Pastimes Arcade Host @ early-mid video — Key narrative moment explaining Stern Pinball's founding and acquisition of Sega assets
“Historically significant: not only the last game made by Sega, but the first game that created Stern Pinball.”
Pastimes Arcade Host @ near-end — Summarizes the dual historical importance of Harley-Davidson to both companies
business_signal: 1999 marked critical inflection point for pinball industry: Bally Williams closed, Sega Pinball transferred ownership to newly founded Stern Pinball, consolidating manufacturing to single major producer.
high · Host explicitly states 'at this time pinball was dying' and documents closure of Bally Williams same year with Stern Pinball acquisition of Sega assets
business_signal: Harley-Davidson received three separate production runs (1999, 2002, 2004) despite being released during period of industry decline, indicating strong market demand and successful game design.

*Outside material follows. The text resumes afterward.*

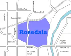 Rosedale's boundaries consist of the CPR railway tracks to the north, Yonge Street to the west, Aylmer Avenue and Rosedale Valley Road to the south,[6][7][8] and Bayview Avenue to the east. The neighbourhood is within the City of Toronto's Rosedale-Moore Park neighbourhood. The neighbourhood is divided into a north and south portion by the Park Drive Ravine.
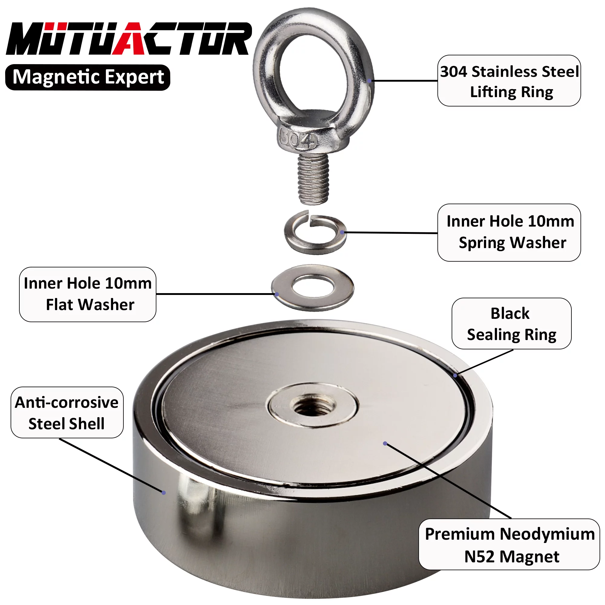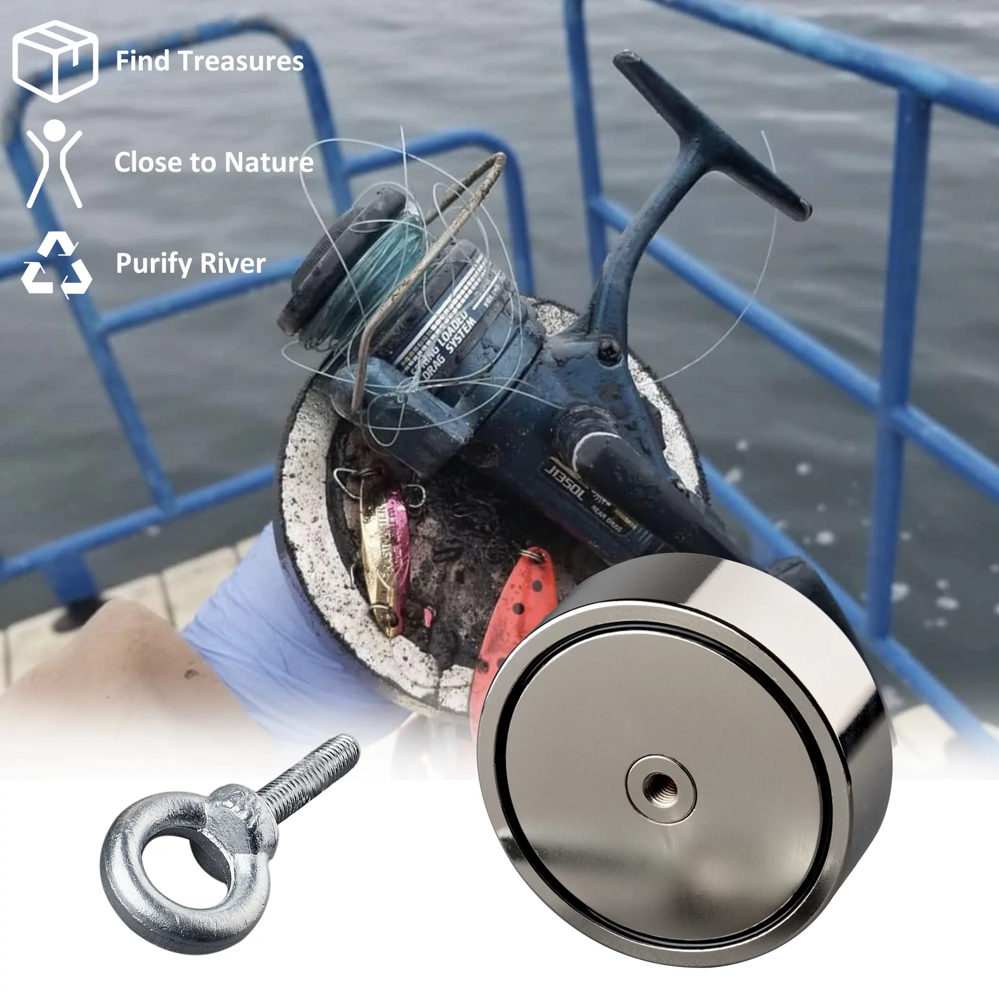Fishing Magnet Kit 350LBS - 1300LBS Upto 1300 lbs Pull Force Strong Neodymium + Rope + Carabiner (500 LBS)

high · Host states game 'was very successful' and notes 'In 2002...they released a second production run' and 'In 2004, Stern actually released a third production run of 300 units.'
event_signal: Harley-Davidson represents pivotal transition point in pinball manufacturing lineage: Data East (1985) → Sega (1994) → Stern Pinball (1999), with ownership changes occurring during single product's production run.
high · Host traces full lineage: 'In 1985, Data East was founded...Later in 1994, Sega bought out Data East...Gary Stern came in and...purchased Sega Pinball during this production run'
neutral(0.5)— Host presents historical information in a matter-of-fact, documentary tone without editorial commentary. Tone is informative and respectful of the machine's historical significance.